The entries below need to be transcribed exactly, without their images.

★ ★ ★ ★ ★ ★ ★

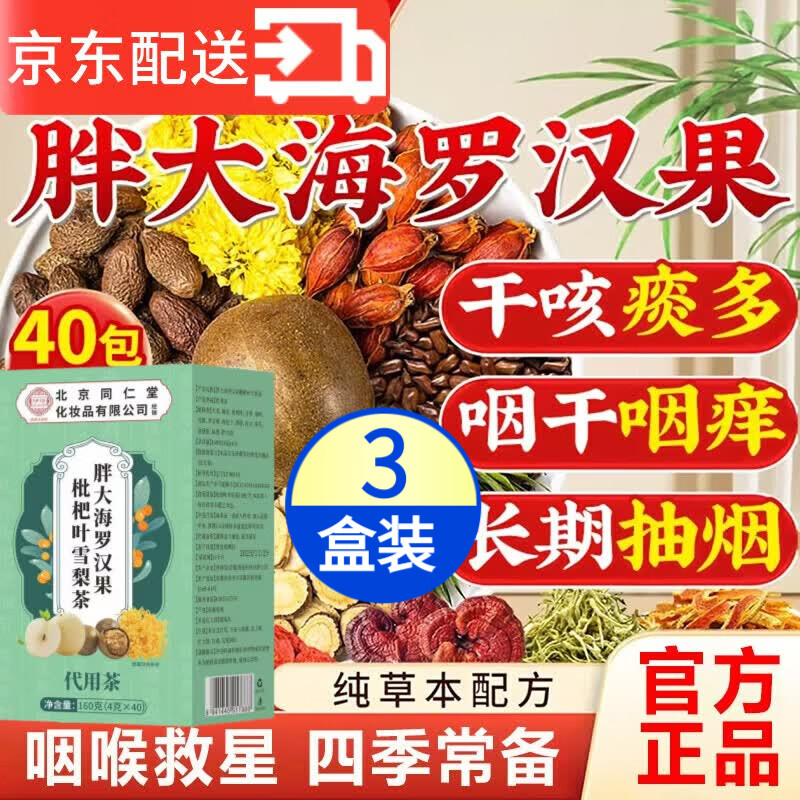 同仁堂【官方】胖大海罗汉果枇杷叶雪梨茶甘草熬煮慢性咽炎润喉护嗓 [3盒90%人选择]胖大海罗汉果枇杷 40袋*3盒
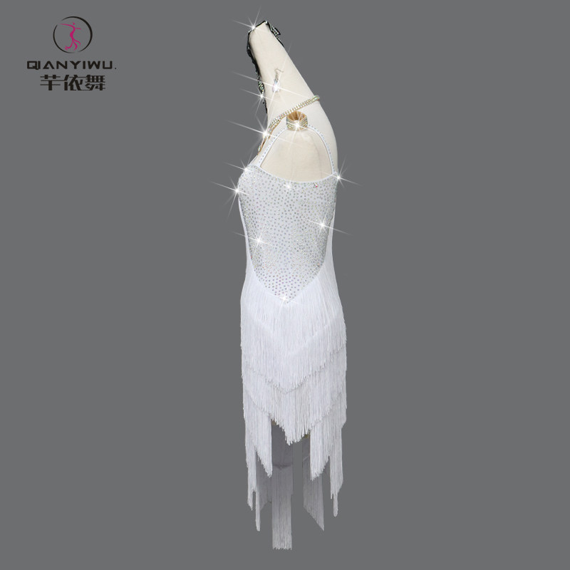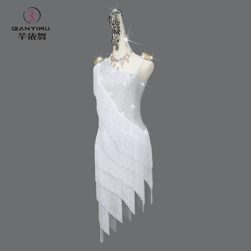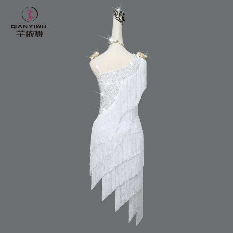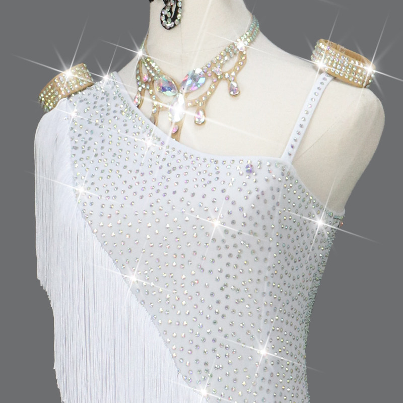2026新款专业白色拉丁舞比赛表演出服装伦巴舞蹈台花服流苏连衣裙
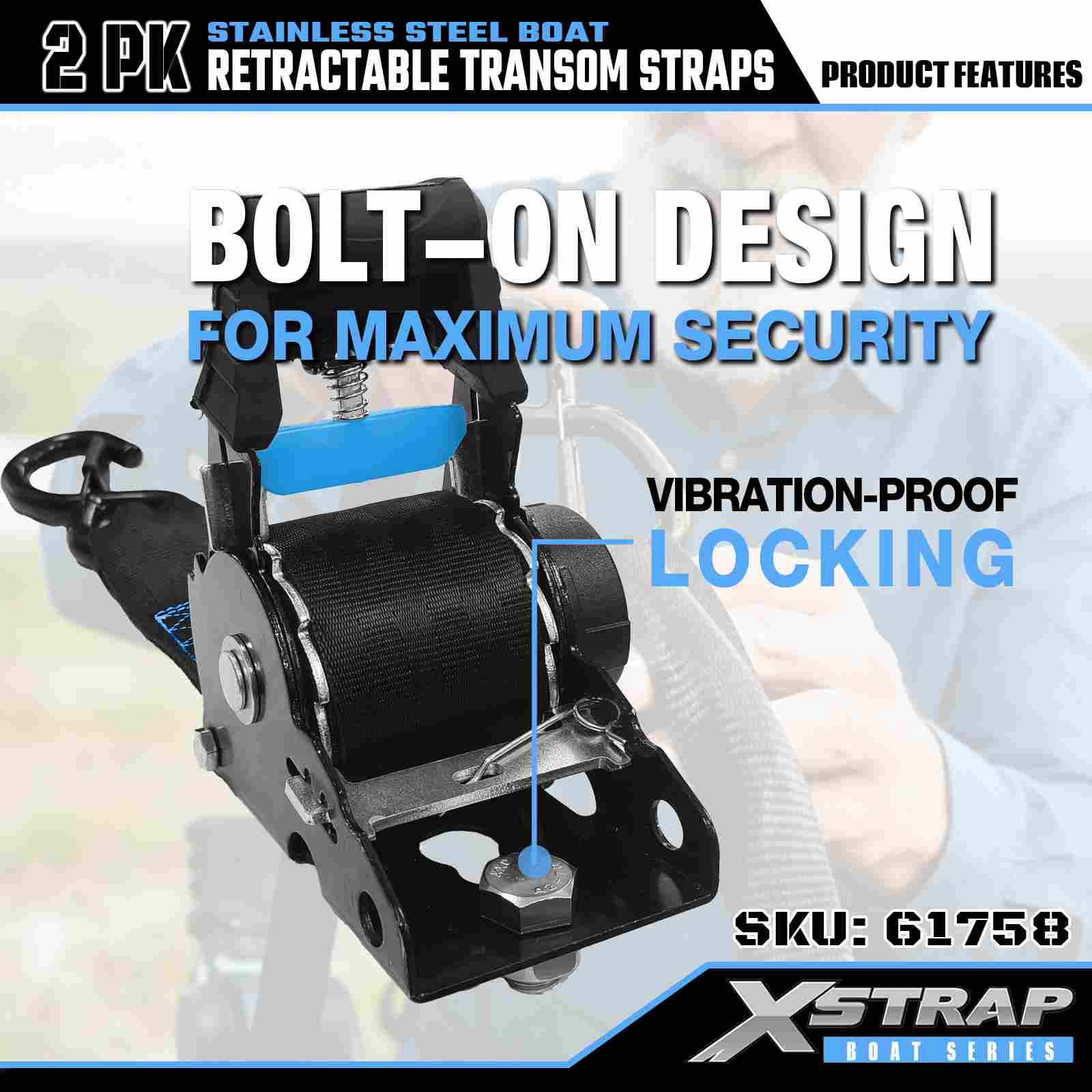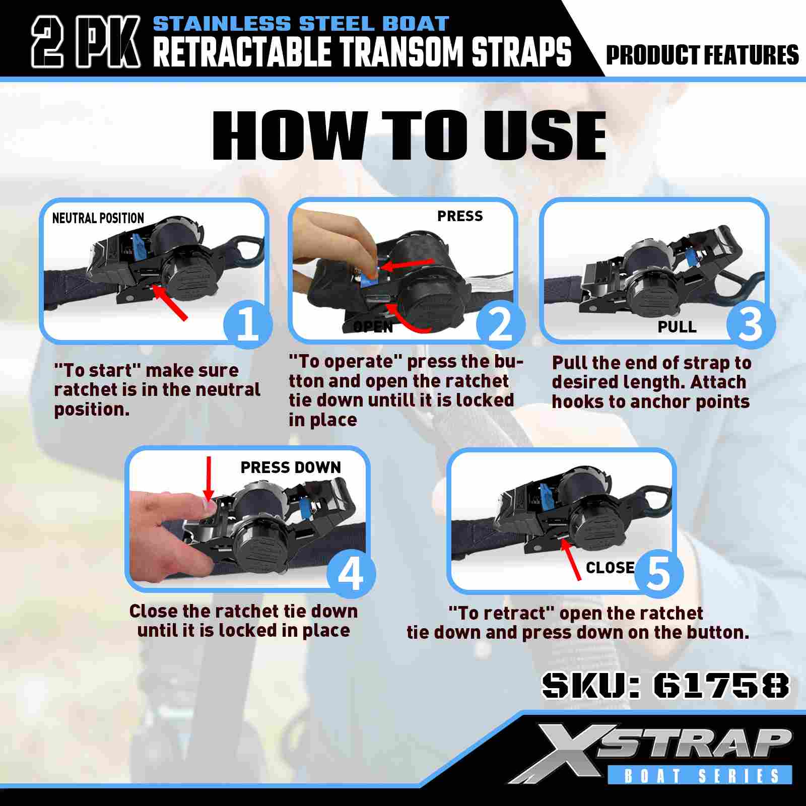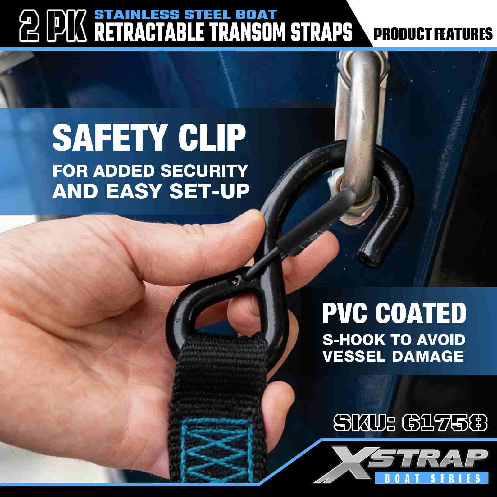 Dây đeo ngang có thể thu vào thuyền Xstrap 2PK có móc chữ S an toàn, Dây đeo buộc xuống bằng polyester 2 inch x 3,6 ' Dây đeo có thể thu vào, Dây đai buộc hàng hóa có sức chứa 1000lbs với Móc chữ S an toàn dành cho Chuyên gia nghiêm túc để cố định Rơ moóc chở hàng, Rơ moóc giường phẳng, Thuyền trượt tuyết, Ô tô nhỏ.
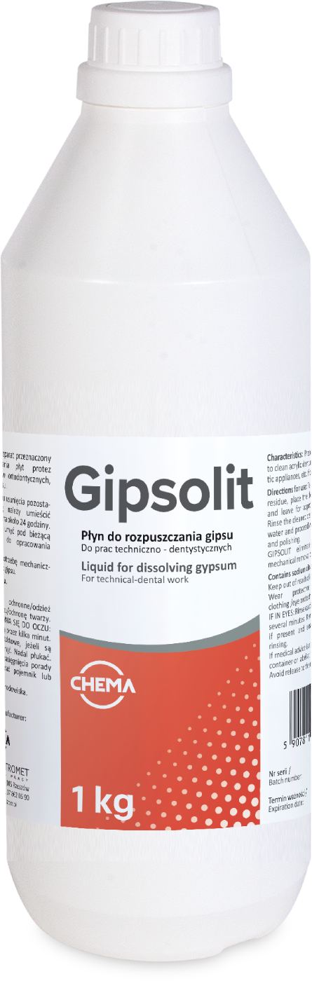 Płyn stosowany w pracach techniczno-dentystycznych. Przeznaczony jest do oczyszczania płyt protez akrylowych, aparatów ortodontycznych, itp. z pozostałości gipsu. Zawiera cytrynian sodu. opakowanie: 1kg
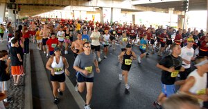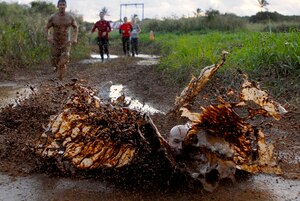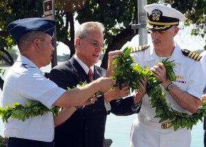 Gary Sinise, actor and musician, and Greg McMackin, university of Hawaii head football coach, spoke to Hickam Airmen during the Wingman Day commnader's call Jan. 29 in Hangar 19 about leadership philosophies and thanked them for serving their country. Coach McMackin took time out of a hectic
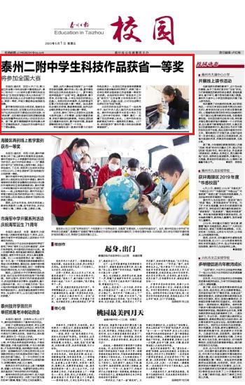 《泰州晚报》泰州二附中学生科技作品获省一等奖
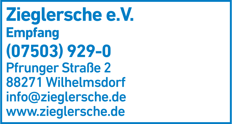 Die Adresse von Die Zieglersche e.V. lautet: Pfrunger Str. 2, 88271 Wilhelmsdorf
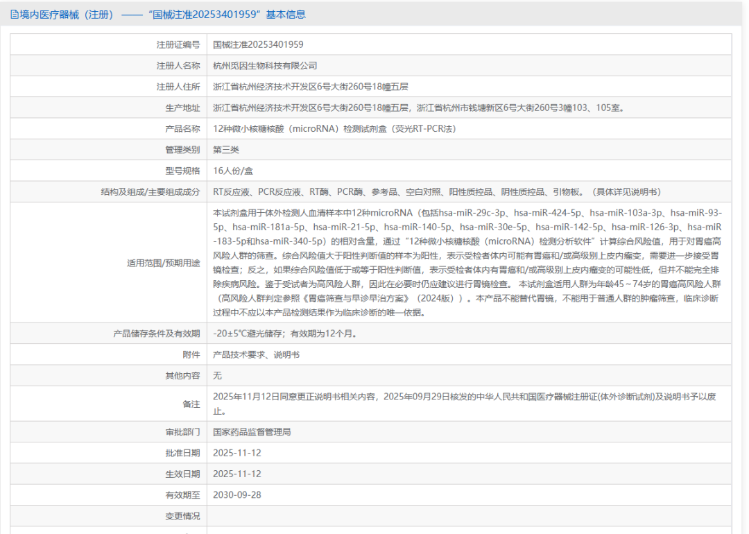 miRNA作为一类长度约18-25nt的非编码RNA,已成为精准诊断的理想分子标志物。miRNA的诊断价值集中体现为“无创性、高灵敏度、高特异性”,可覆盖肿瘤、感染性疾病、神经退行性疾病等多领域,弥补传统诊断手段的短板,实现疾病的早期识别与精准确诊。 miRNA在诊断与分型中的临床应用,依赖于精准的检测技术,目前主流技术包括荧光RT-PCR、数字PCR。其中荧光RT-PCR技术成熟、成本可控,广泛应用于临床常规检测(如晋百慧、命码生物的获证试剂盒)。数字PCR技术灵敏度更高,适用于低丰度miRNA检测(小海龟、新弈等企业)。 本文梳理了截至26年1月,在中国已获NMPA医疗器械注册证的miRNA试剂盒开发企业情况(Ⅲ类为主)。企业名称 | 产品名称 | 注册证号 | 获批时间 | 核心用途 | 技术路线 | 顿慧医疗(原上海骏实生物) | 7种微小核糖核酸检测试剂盒(PCR荧光探针法) | 国械注准20173403299 | 2022-02-09 | 肝细胞癌早诊与疗效监测 | 荧光RT-PCR | 江苏命码生物 | 微小核糖核酸(microRNA - 25)检测试剂盒(荧光PCR法) | 国械注准20153402055 | 2025-03-25 | 胰腺癌辅助诊断 | 荧光RT-PCR | 深圳市晋百慧生物 | miR - 92a检测试剂盒(荧光RT - PCR法) | 国械注准20183400108 | 2022-08-03 | 结直肠癌筛查 | 荧光RT-PCR | 康德(深圳)生物 | 4种微小核糖核酸检测试剂盒(PCR荧光探针法) | 国械注准20253401406 | 2025-07-17 | 疑似胰腺癌患者辅助诊断 | 荧光RT-PCR | 觅瑞(杭州)生物 | 12种微小核糖核酸(microRNA)检测试剂盒(荧光RT-PCR法) | 国械注准20253401959 | 2025-11-12 | 胃癌早筛(国内首个) | 核荧光RT-PCR |
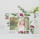 Versenden Sie Ihre Urlaubstage mit unseren eleganten Fotokarten an Freunde und Familie im schicken Stil. Die Fotos werden von hübschen, farbenfrohen Pflanzen und tiefroten Beeren umgeben. Der Gruß (mit "Happy Holidays" gezeigt) und der Familienname (die Familiennamen) sind in der unteren links Ecke versteckt. Karten kehren zurück, um ein passendes botanisches Wintermuster zu erkennen.
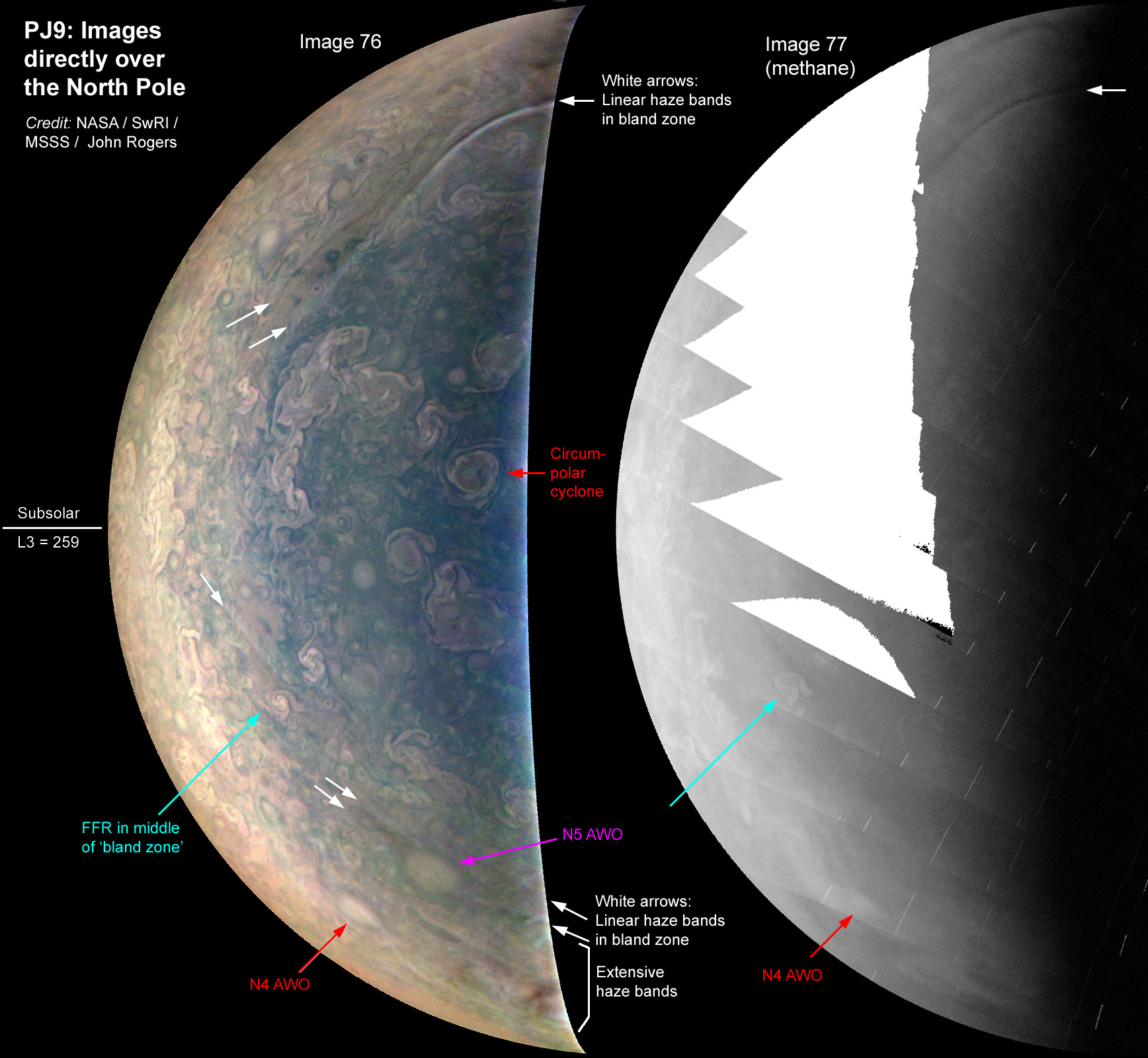 Here, the typical features of the north polar region are indicated on the colour and methane images over the north pole. This is from a report on the PJ9 images, posted on the BAA Jupiter Section web site at: https://britastro.org/node/11780

★ ★ ★ ★ ★ ★ ★

- Result for this task:
 同仁堂【官方】胖大海罗汉果枇杷叶雪梨茶甘草熬煮慢性咽炎润喉护嗓 [3盒90%人选择]胖大海罗汉果枇杷 40袋*3盒
2026新款专业白色拉丁舞比赛表演出服装伦巴舞蹈台花服流苏连衣裙
 Dây đeo ngang có thể thu vào thuyền Xstrap 2PK có móc chữ S an toàn, Dây đeo buộc xuống bằng polyester 2 inch x 3,6 ' Dây đeo có thể thu vào, Dây đai buộc hàng hóa có sức chứa 1000lbs với Móc chữ S an toàn dành cho Chuyên gia nghiêm túc để cố định Rơ moóc chở hàng, Rơ moóc giường phẳng, Thuyền trượt tuyết, Ô tô nhỏ.
 Płyn stosowany w pracach techniczno-dentystycznych. Przeznaczony jest do oczyszczania płyt protez akrylowych, aparatów ortodontycznych, itp. z pozostałości gipsu. Zawiera cytrynian sodu. opakowanie: 1kg
 Gary Sinise, actor and musician, and Greg McMackin, university of Hawaii head football coach, spoke to Hickam Airmen during the Wingman Day commnader's call Jan. 29 in Hangar 19 about leadership philosophies and thanked them for serving their country. Coach McMackin took time out of a hectic
 《泰州晚报》泰州二附中学生科技作品获省一等奖
 Die Adresse von Die Zieglersche e.V. lautet: Pfrunger Str. 2, 88271 Wilhelmsdorf
 miRNA作为一类长度约18-25nt的非编码RNA,已成为精准诊断的理想分子标志物。miRNA的诊断价值集中体现为“无创性、高灵敏度、高特异性”,可覆盖肿瘤、感染性疾病、神经退行性疾病等多领域,弥补传统诊断手段的短板,实现疾病的早期识别与精准确诊。 miRNA在诊断与分型中的临床应用,依赖于精准的检测技术,目前主流技术包括荧光RT-PCR、数字PCR。其中荧光RT-PCR技术成熟、成本可控,广泛应用于临床常规检测(如晋百慧、命码生物的获证试剂盒)。数字PCR技术灵敏度更高,适用于低丰度miRNA检测(小海龟、新弈等企业)。 本文梳理了截至26年1月,在中国已获NMPA医疗器械注册证的miRNA试剂盒开发企业情况(Ⅲ类为主)。企业名称 | 产品名称 | 注册证号 | 获批时间 | 核心用途 | 技术路线 | 顿慧医疗(原上海骏实生物) | 7种微小核糖核酸检测试剂盒(PCR荧光探针法) | 国械注准20173403299 | 2022-02-09 | 肝细胞癌早诊与疗效监测 | 荧光RT-PCR | 江苏命码生物 | 微小核糖核酸(microRNA - 25)检测试剂盒(荧光PCR法) | 国械注准20153402055 | 2025-03-25 | 胰腺癌辅助诊断 | 荧光RT-PCR | 深圳市晋百慧生物 | miR - 92a检测试剂盒(荧光RT - PCR法) | 国械注准20183400108 | 2022-08-03 | 结直肠癌筛查 | 荧光RT-PCR | 康德(深圳)生物 | 4种微小核糖核酸检测试剂盒(PCR荧光探针法) | 国械注准20253401406 | 2025-07-17 | 疑似胰腺癌患者辅助诊断 | 荧光RT-PCR | 觅瑞(杭州)生物 | 12种微小核糖核酸(microRNA)检测试剂盒(荧光RT-PCR法) | 国械注准20253401959 | 2025-11-12 | 胃癌早筛(国内首个) | 核荧光RT-PCR |
 Versenden Sie Ihre Urlaubstage mit unseren eleganten Fotokarten an Freunde und Familie im schicken Stil. Die Fotos werden von hübschen, farbenfrohen Pflanzen und tiefroten Beeren umgeben. Der Gruß (mit "Happy Holidays" gezeigt) und der Familienname (die Familiennamen) sind in der unteren links Ecke versteckt. Karten kehren zurück, um ein passendes botanisches Wintermuster zu erkennen.
 Here, the typical features of the north polar region are indicated on the colour and methane images over the north pole. This is from a report on the PJ9 images, posted on the BAA Jupiter Section web site at: https://britastro.org/node/11780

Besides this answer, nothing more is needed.